И, совсем с другого политического края, большевицкий публицист (М. Лемке) выразился о качестве этой прессы так: «В нашу пореформенную эпоху идеи стали дешевы, а информация, сенсация и наглое авторитетное невежество заполнили прессу».
Специфичнее, в культуре, горько жаловался в 1909 и Андрей Белый, уж никакой не правый и не «шовинист»: «Главарями национальной культуры оказываются чуждые этой культуре люди… Посмотрите списки сотрудников газет и журналов России: кто музыкальные, литературные критики этих журналов? Вы увидите почти сплошь имена евреев; среди критиков этих есть талантливые и чуткие люди, есть немногие среди них, которые понимают задачи национальной культуры, быть может, и глубже русских; но то – исключения. Общая масса еврейских критиков совершенно чужда русскому искусству, пишет на жаргоне эсперанто и терроризирует всякую попытку углубить и обогатить русский язык»[1382].
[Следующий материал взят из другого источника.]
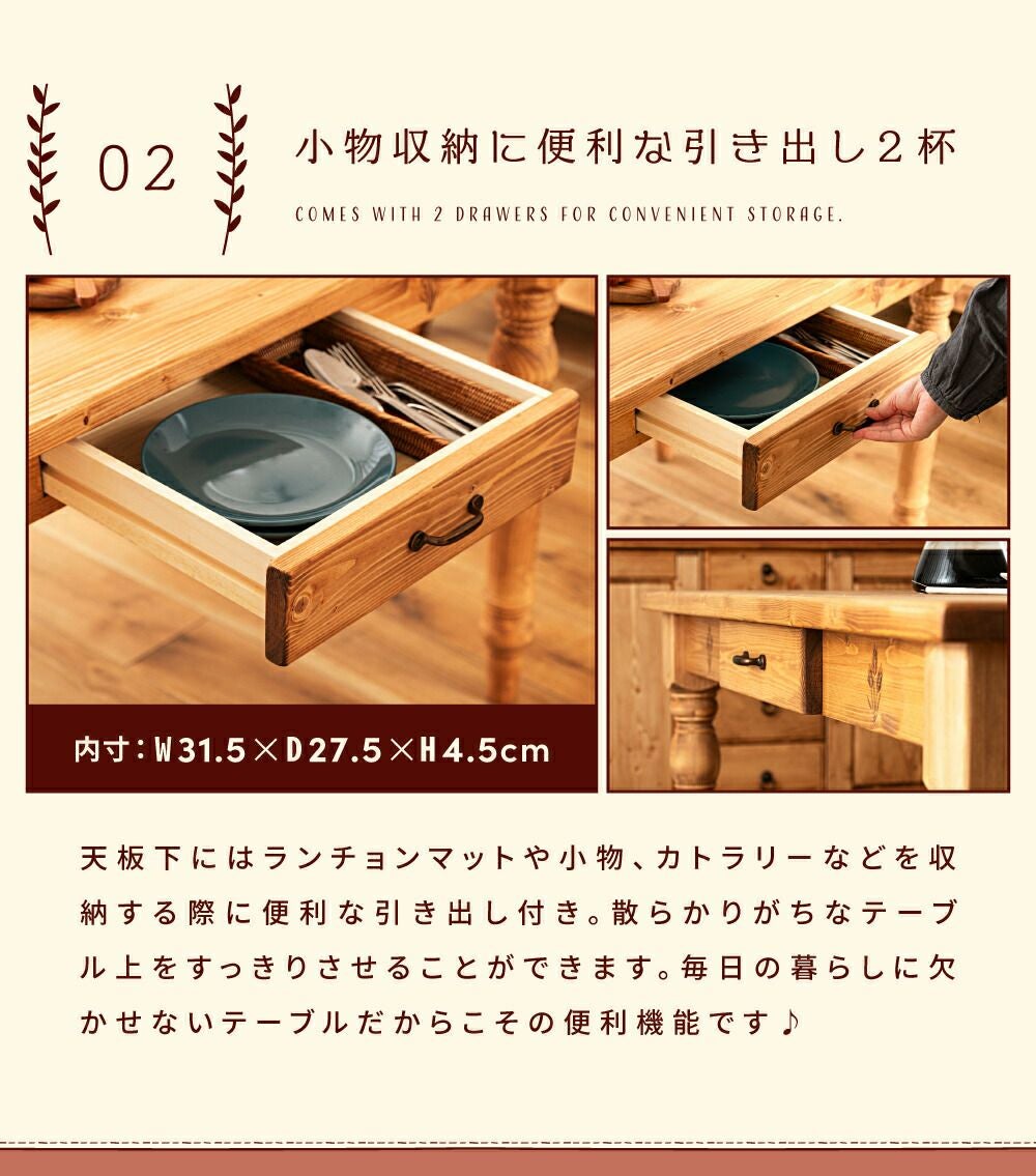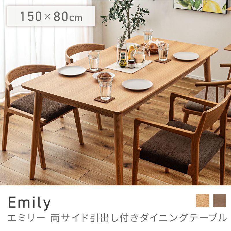 両サイド引き出し付き ダイニングテーブル テーブル 150 80 72 150cm幅 4人 4人掛け|Emily

В те самые годы предупреждал и дальнозоркий сионист Вл. Жаботинский, жалуясь на «передовые газеты, содержимые на еврейские деньги и переполненные сотрудниками-евреями»: «Когда евреи массами кинулись творить русскую политику, мы предсказали им, что ничего доброго отсюда не выйдет ни для русской политики, ни для еврейства»[1383].
Российская печать сыграла решающую роль в предреволюционном кадетско-интеллигентском штурме на правительство; её настроение, властно им захваченный, выразил депутат Думы А. И. Шингарёв: «Пусть эта власть тонет! Такой власти мы не можем бросить и обрывка верёвки!». К месту здесь упомянуть, что 1-я Дума вставала в память жертв белостокского погрома (не соглашаясь, как мы видели, что то была вооружённая битва анархистов с войсками), 2-я Дума – в честь убитого террористом Иоллоса; но когда Пуришкевич предложил почтить вставанием и память убитых на постах полицейских и солдат – его за то лишили слова и исключили из заседания: разгорячённым парламентариям тогда немыслимым казалось посочувствовать и тем, кто охраняет простой порядок в государстве, необходимый для них же всех, и для общей спокойной жизни.
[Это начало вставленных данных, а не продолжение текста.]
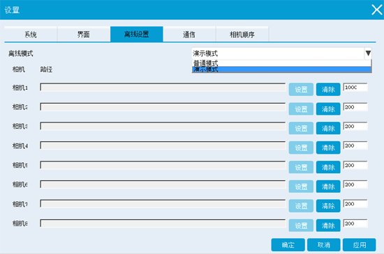 離線檢測有兩種模式:①普通模式、②演示模式,參數設置界面如下所示:
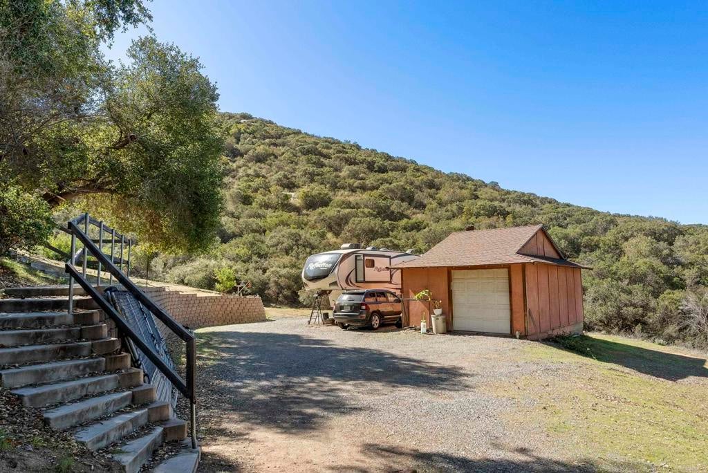 Short Sale Approved! Elevated luxury awaits in this custom 2013 estate, privately set on 7.45 acres with sweeping mountain and valley views. This refined 4 bed, 3 bath, 3,300+ sq ft residence features a grand open-concept design, gourmet chef’s kitchen, elegant wet bar, and a resort-caliber primary suite with private view deck, spa sauna, and elevator access. High-end construction, upgraded systems, owned solar, a private well, and a 10,000-gallon water tank offer both sophistication and sustainability. An oversized 3-car garage with pass-through door and a detached workshop with dual 50-amp RV hookups add exceptional versatility. A secondary graded pad is ideal for an ADU or expanded compound. Just minutes from Sycuan Resort and Alpine, this rare property delivers privacy, dramatic views, and the ultimate luxury lifestyle.

Верно заключил, но поздно, но в оглядку на прошлое из эмигрантской «Еврейской трибуны» 1923 года, член Союза полноправия А. Кулишер: «В русско-еврейской общественной среде перед революцией действительно были люди и целые группы, деятельность которых характеризовалась… именно отсутствием чувства ответственности за разброд в умах русского еврейства… распространени[е] неопределённого и легкомысленного «революционизма»… Вся суть их политики была в том, чтобы быть левее кого-то другого. Всегда оставаясь в роли безответственных критиков, никогда не идя до конца, они видели своё назначение в том, чтобы говорить: «Мало!»… Эти люди были «демократами»… Но были и демократы в особенности, так и именовавшие себя «Еврейскою
Но что же – та «рептильная печать» – то есть ползком перед властями, печать русских националистов? «Русское знамя» Дубровина – говорят, из рук выпадало, до того грубо и бездарно. (А кстати, было запрещено рассылать его в армию, по возражению генералов.) Вероятно, не намного добротней была и «Земщина» – не знаю, не читал обеих. Оскопились, одряхлели и с 1905 потеряли читателей и «Московские Ведомости».